Désormais, les soldats sont l’objet central de la représentation. Diderot l’avait commandé : « faites faire volte-face » (VERS 417 ; DPV XIV 242). Il s’agissait alors de représenter le reflux des soldats, courant d’abord vers les bateaux pour fuir, puis faisant volte-face devant le jaillissement des flammes de l’incendie. C’est finalement un autre volte-face qui est réalisé : au lieu que les soldats regardent l’incendie, c’est le paysage dévasté, ce sont les mers épouvantées qui les regardent.
Il n’y a pas là une simple substitution d’objets : de l’objet, on est passé à la chose, « je ne sais quoi de sublime ». Tout autour, ça regarde, et au centre, les figures font tableau.
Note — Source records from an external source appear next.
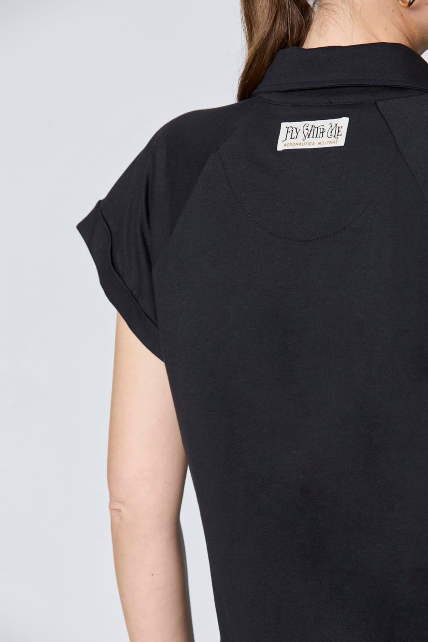 ⇒ Naszywka "Fly with me" z tyłu na karku.
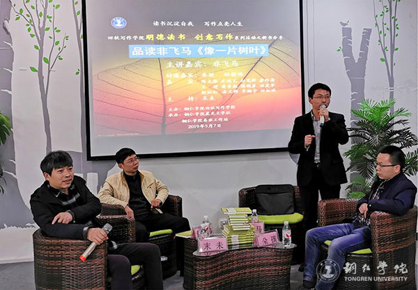 分享会上,非飞马首先向到场的各位嘉宾和同学表示感谢,接着与大家分享了自己在诗歌创作道路上的经验:以一个学生的身份去学习,写诗时不仅仅要有热情,还要有真正的良知,要让文字发出人性的光芒。朵孩说非飞马的诗直指心灵、抒情性很强,《像一片树叶》就是他用诗歌的方式抒写人生传奇的一个缩影。任敬伟说非飞马的诗具有强烈的颠覆意识,思维的冲击力很大,而且具有幽默的审美风格,打破了常规的语言。主持人末未认为非飞马的《像一片树叶》是把诗歌与生命、生活、精神融合在了一起。同时,出席本次分享会的庄鸿文、向笔群、唐竹英、蒲秀彪、陈明彦、涂文辉、王进等嘉宾也分享了自己读《像一片树叶》的感受。到互动环节时,同学们踊跃向在座的嘉宾们提问,嘉宾们深入浅出的为同学们一一作答。
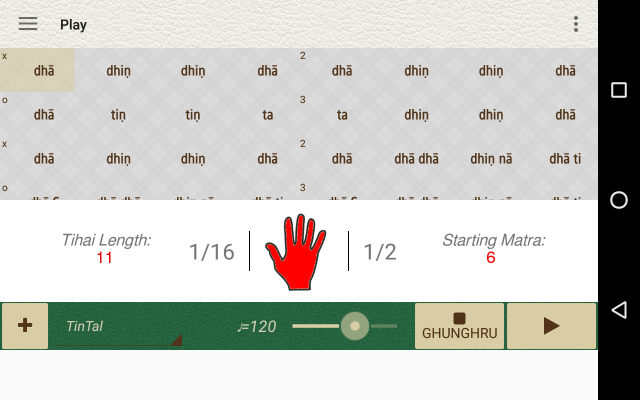 へのアプリ - Tihai Shatra Liteは TihaiShatraするの機能限定された、無料版であります作曲とtihaiを果たし、通常、ヒンドゥスターニー音楽で曲を締結するために使用さポリリズムフレーズ。 Tihai組成物は、タールの和または開始時に3回と土地を繰り返されパーラ(とや一時停止またはギャップなし)で構成されています。アプリはカタック/タブラ/ヒンドゥスターニーボーカル歌の練習のために使用することができます。
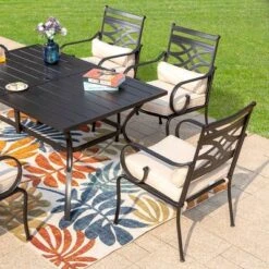 5pc Patio Set With Square Table & Steel 360 Swivel Sling Arm Chairs – Captiva Designs
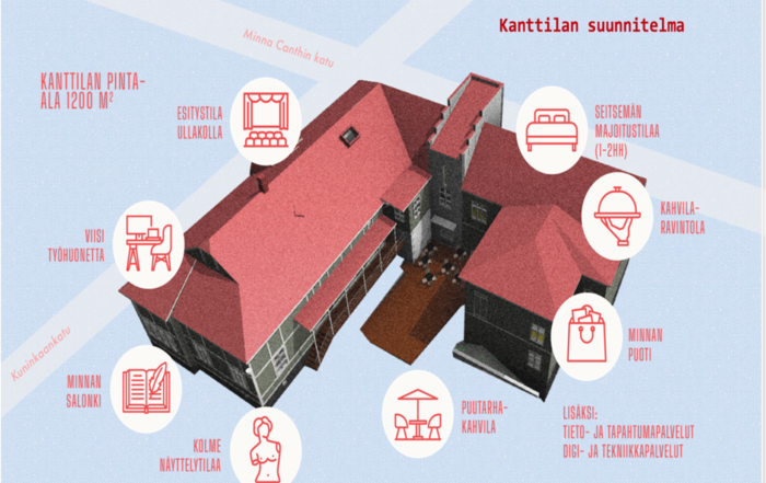 Arkkitehti-ja toimintasuunnitelmat sisältävät Minnan Salongin, majoitus- ja työtiloja, kahvilan ja ullakon esitystilan sekä näyttelytilaa.
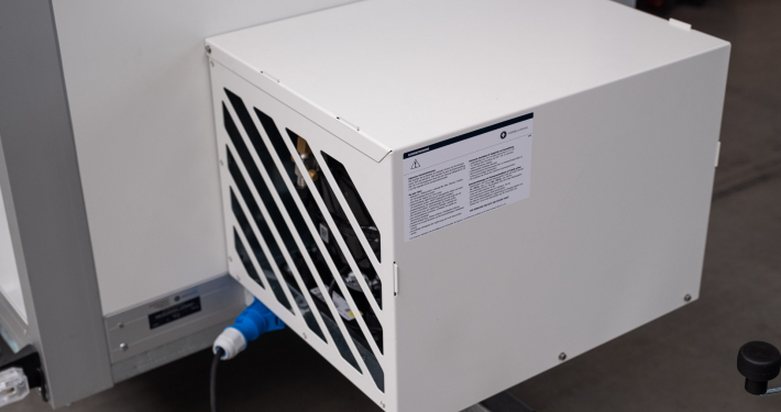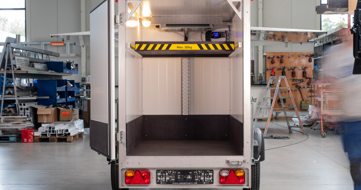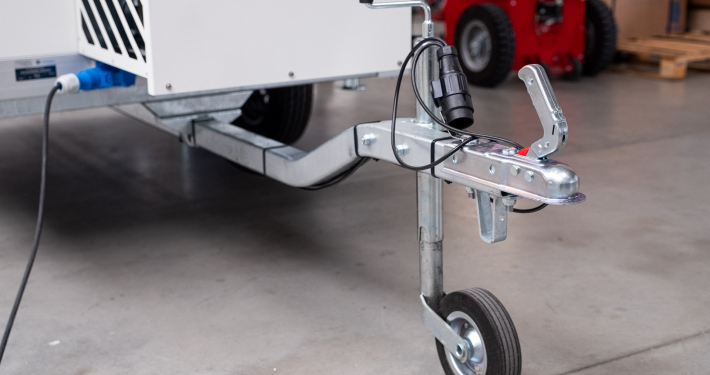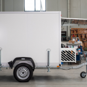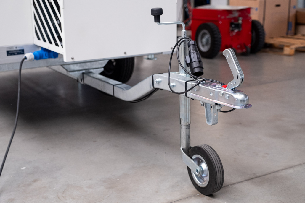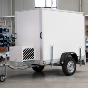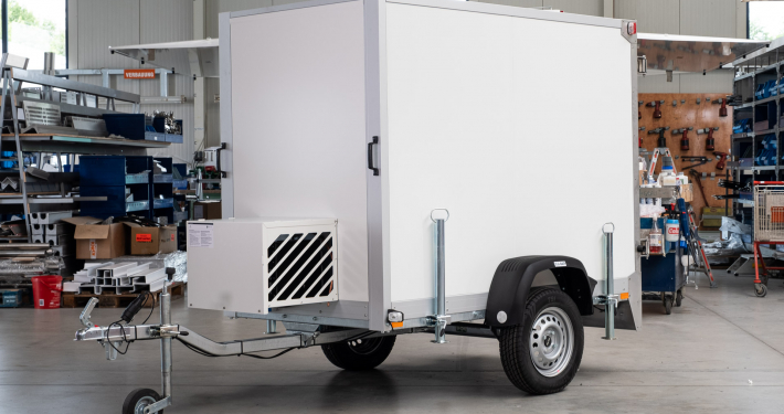 Kälteanlage SplittChill© mit elektrischer Abtauung und elektronischer Regelung in einem Kühlmaschinenkasten an der Stirnwand an der Deichsel montiert.
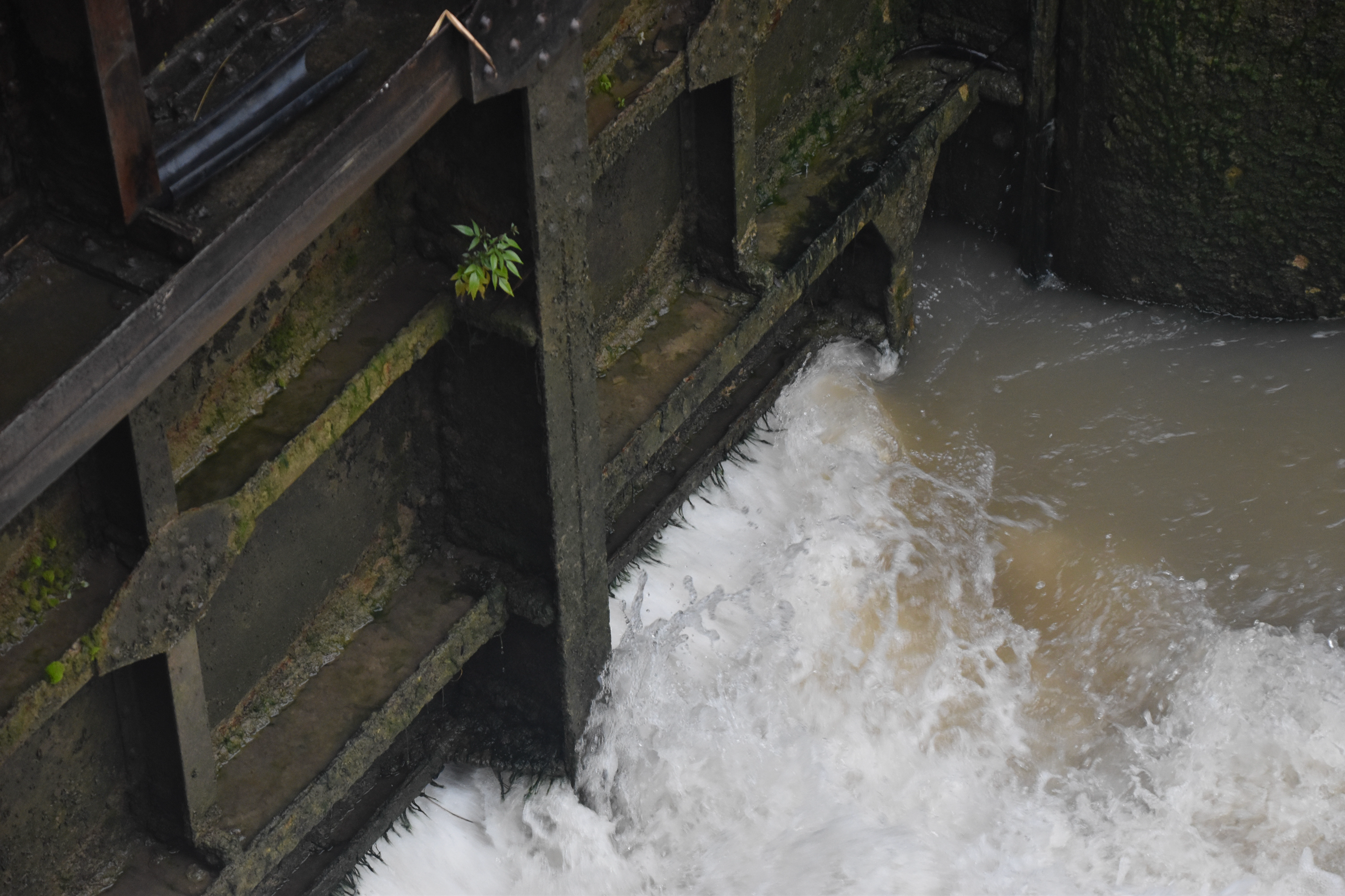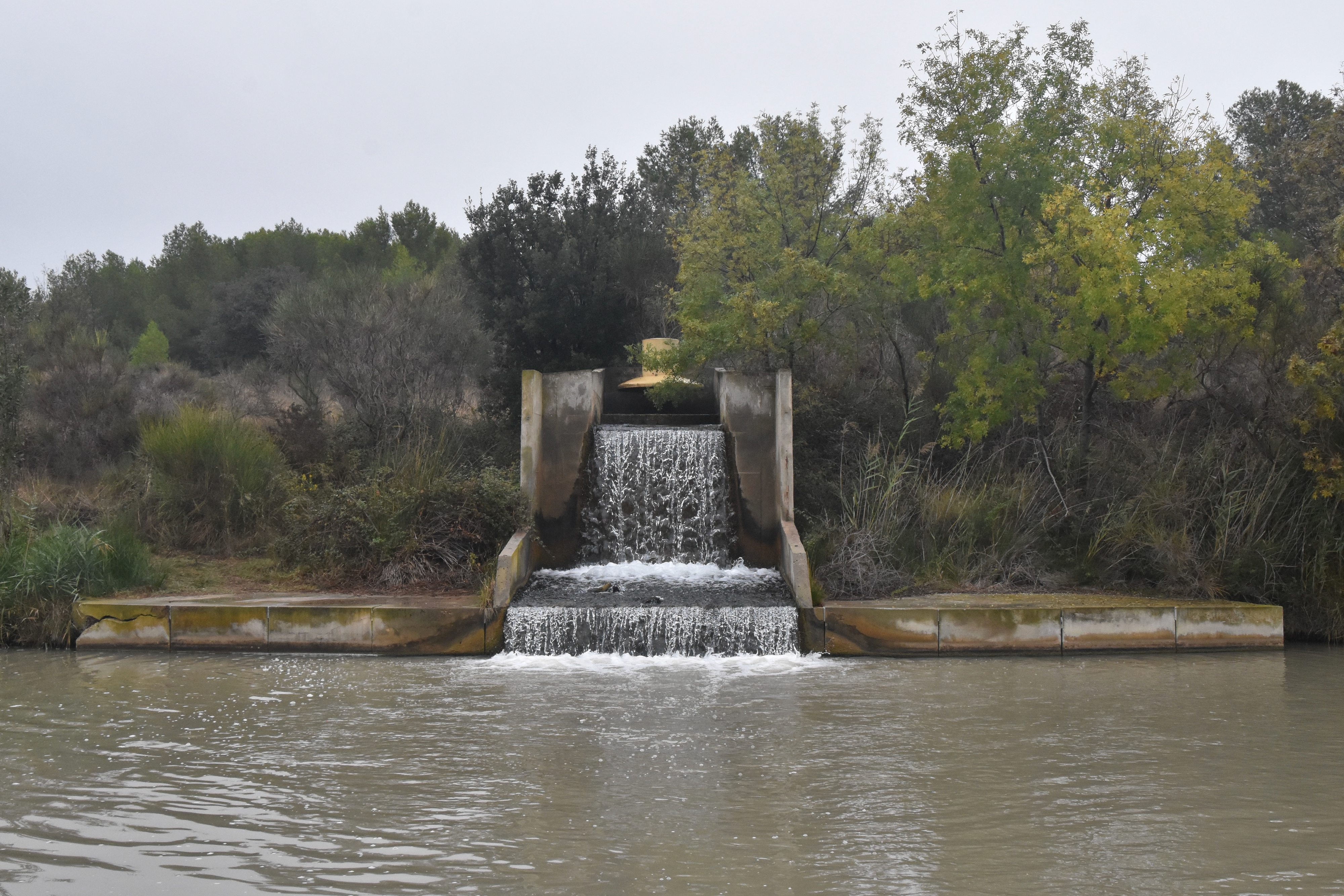 L’épanchoir en basalte de Pietat, un des nombreux qui jalonnent le canal du Midi, servant à l’évacuation du trop-plein du canal.
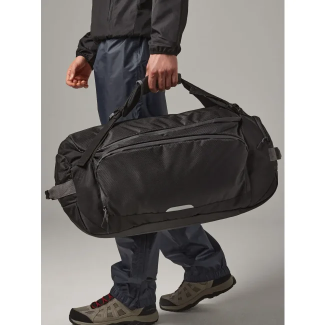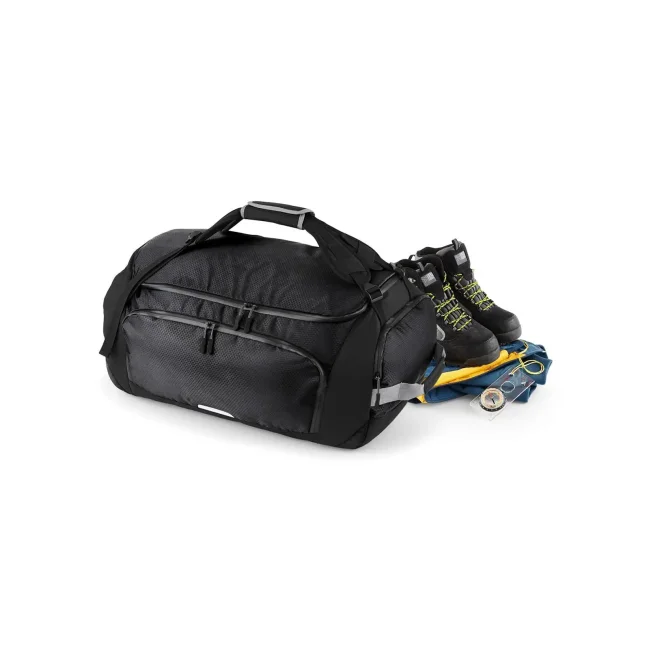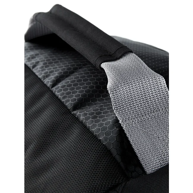 100% Combinazione poliestere 600d/600d a nido d'ape. Borsone con zip con cordini catarifrangenti, compartimento principale imbottito, compartimento per scarpe, base imbottita rinforzata. Dimensioni: 67 x 33 x 42 cm, capacita': 60 litri, area di stampa: 36 x 14 cm.
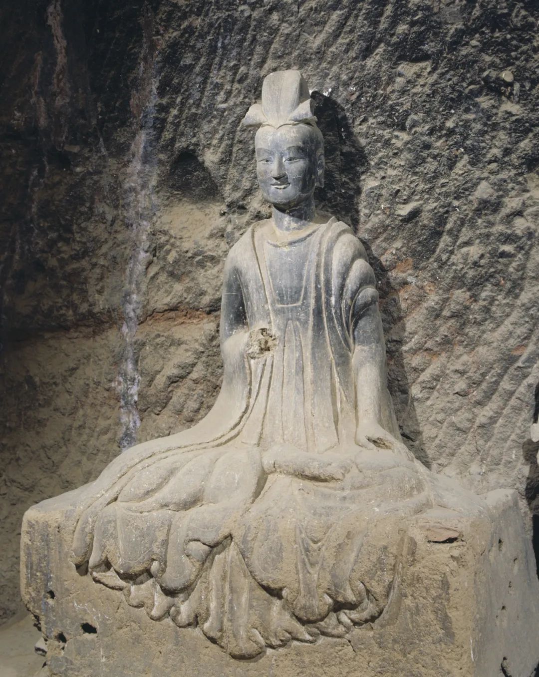 從題材上看,以單尊佛、菩薩、力士等為主,風(fēng)格上更具有寫實(shí)性。造像面相橢圓飽滿,斜眉吊目,懸鼻小口,表情森嚴(yán)、凝重,服飾簡潔、質(zhì)樸,寬博厚重,極富質(zhì)感。其中佛低平螺髻,前置肉髻珠,身穿垂領(lǐng)袈裟。菩薩束發(fā)高髻或戴風(fēng)帽,眉目慈祥,身材比例協(xié)調(diào)、準(zhǔn)確。力士表情生動(dòng)傳神,體形孔武雄健,充滿陽剛之氣,給人以強(qiáng)烈的力量和威武感;這段時(shí)間造像前衰后盛也與當(dāng)時(shí)秦州所處環(huán)境有密切關(guān)系。
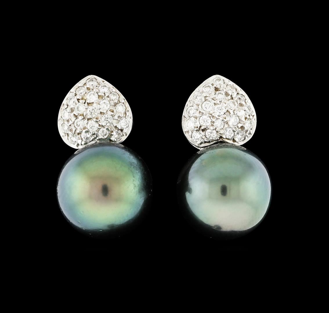 One pair of earrings : 14KT white gold weighing 2.67gm containing pearl and diamonds with a total weight of 0.3ctw.
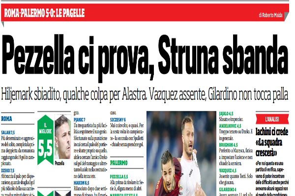 L’edizione odierna de “Il Corriere dello Sport” ha stilato le pagelle dei rosanero dopo la batosta contro la Roma all’Olimpico. Di seguito le valutazione dei rosanero:
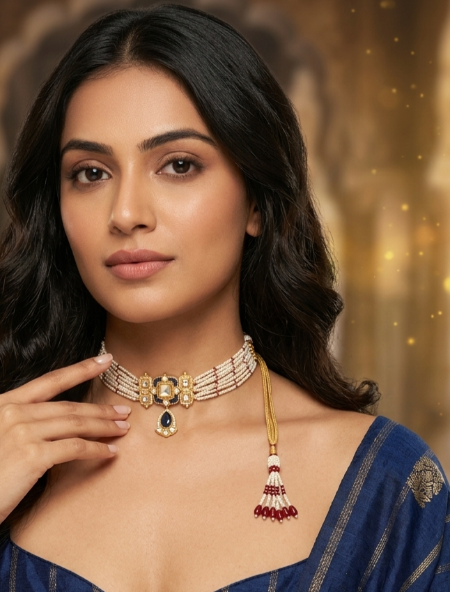 Aesthetics: The soft “dusty rose” or peach tones of the stones and beads make this an ideal choice for day weddings, bridal showers, or high-end ethnic fusion wear.
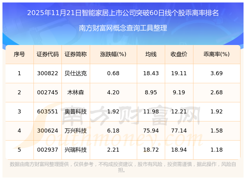 根據(jù)南方財富網(wǎng)概念查詢工具數(shù)據(jù)統(tǒng)計,截止2025年11月21日收盤,智能家居上市公司共有5只個股收盤價向上突破了60日線。其中乖離率較大的個股有貝仕達(dá)克、木林森、奧普科技等,乖離率分別為3.69%、2.68%、1.92%。
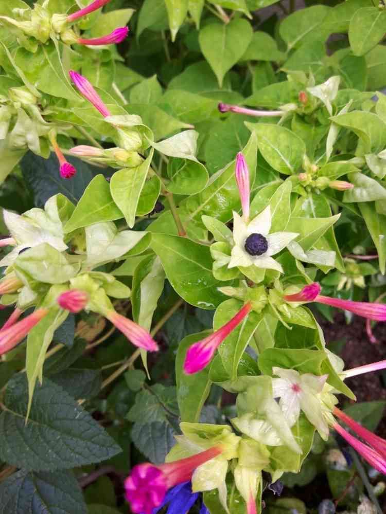 オシロイバナ、小ちゃい頃は花には興味なく、種を集めて石ころで叩いて割って、中の白い粉を集めて、手などに塗って白くなるのをオシロイだと、喜んで遊んでましたょ〜🤗
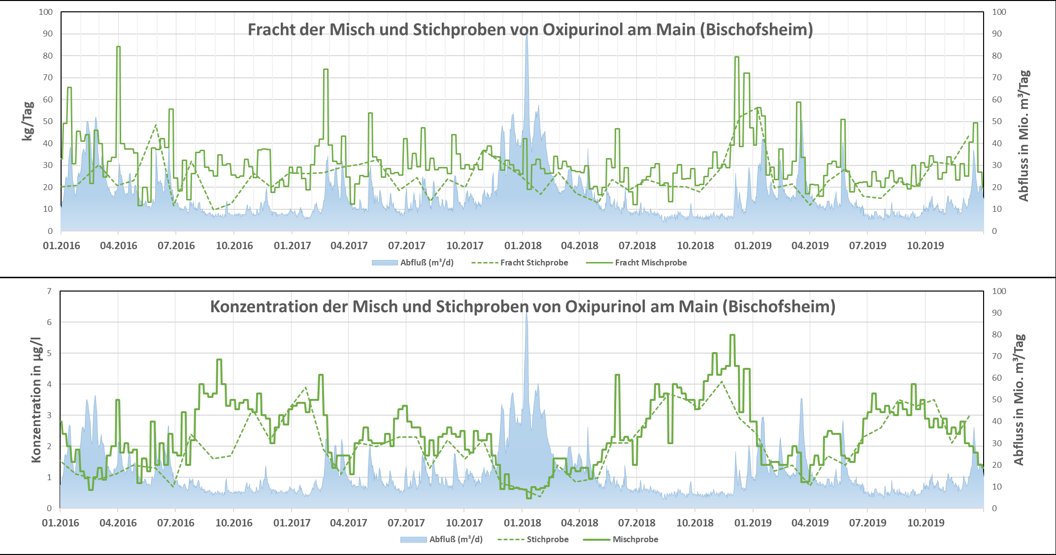 Der Verlauf der Konzentration des Stoffs Oxipurinol, der in üblichen kommunalen Kläranlagen keinem nennenswerten Abbau unterliegt, ist in der folgenden Abbildung in Abhängigkeit vom Abfluss an der Messstation Main (Bischofsheim) dargestellt. Deutlich zu erkennen ist der verdünnende Effekt bei hohem Abfluss. Dabei bleibt die Fracht, also die pro Zeit transportierte Substanzmenge, relativ konstant, da die Eintragsmenge durch die Kläranlagen nicht vom Abfluss des Gewässers abhängt.
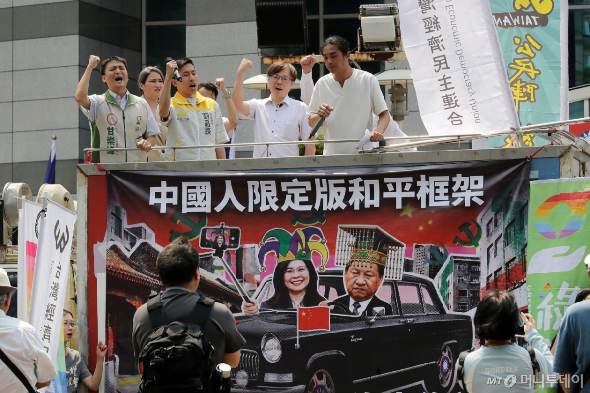 ![[타이베이=AP/뉴시스] 14일(현지 시간) 대만 타이베이 국민당(KMT) 당사 앞에서 시위대가 지난 10일 베이징에서 시진핑 중국 국가주석과 회동한 정리윈 주석을 규탄하는 구호를 외치고 있다. 이들이 설치한 펼침막에는 “중국판 한정 평화 프레임”이라고 적혀 있다. 2026.04.14. /사진=민경찬](https://thumb.mt.co.kr/cdn-cgi/image/f=avif/21/2026/04/2026042211101187633_1.jpg)
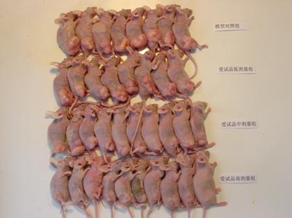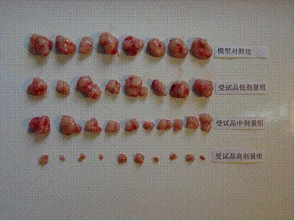 模型对照组为空白对照组,受试品组为乐复能治疗组。图中可见,经过30天的乐复能治疗,无论是高剂量组还是低剂量组,裸鼠体内的肿瘤均小于对照组,高剂量组抑瘤效果尤为明显。由此可见,乐复能对接种到裸鼠体内的前列腺癌细胞株(PC-3)有强烈的抑制作用。
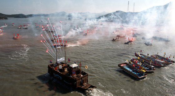 2014년 10월 11일 명량대첩을 재연한 '2014 명량대첩축제'. 맨 앞에 보이는 배가 판옥선이다. [연합뉴스] |

À ce volte-face du regard correspond un renversement du sens : par la comparaison avec le tableau de Poussin, ce tableau de la bataille de Hastings, dont les résonances patriotiques sont évidentes vingt ans après la victoire de Fontenoy (2), est désormais interprété comme un Déluge, le fiasco technique du peintre se superposant à ce qui devient la déroute d’une armée pourtant historiquement victorieuse.
Le tableau de Lépicié n’ayant pas réussi la cristallisation scopique nécessaire à la constitution de la scène visuelle, c’est en fait le texte de Diderot qui en fournit le supplément, par le biais d’une véritable installation virtuelle, où se trouvent superposés le Guillaume éteint de Lépicié, le Guillaume flamboyant tel que l’aurait peint Le Brun, et le Déluge sublimement éteint de Poussin (3). Le texte bricole une temporalité de la scène à partir de cette superposition de représentations hétérogènes.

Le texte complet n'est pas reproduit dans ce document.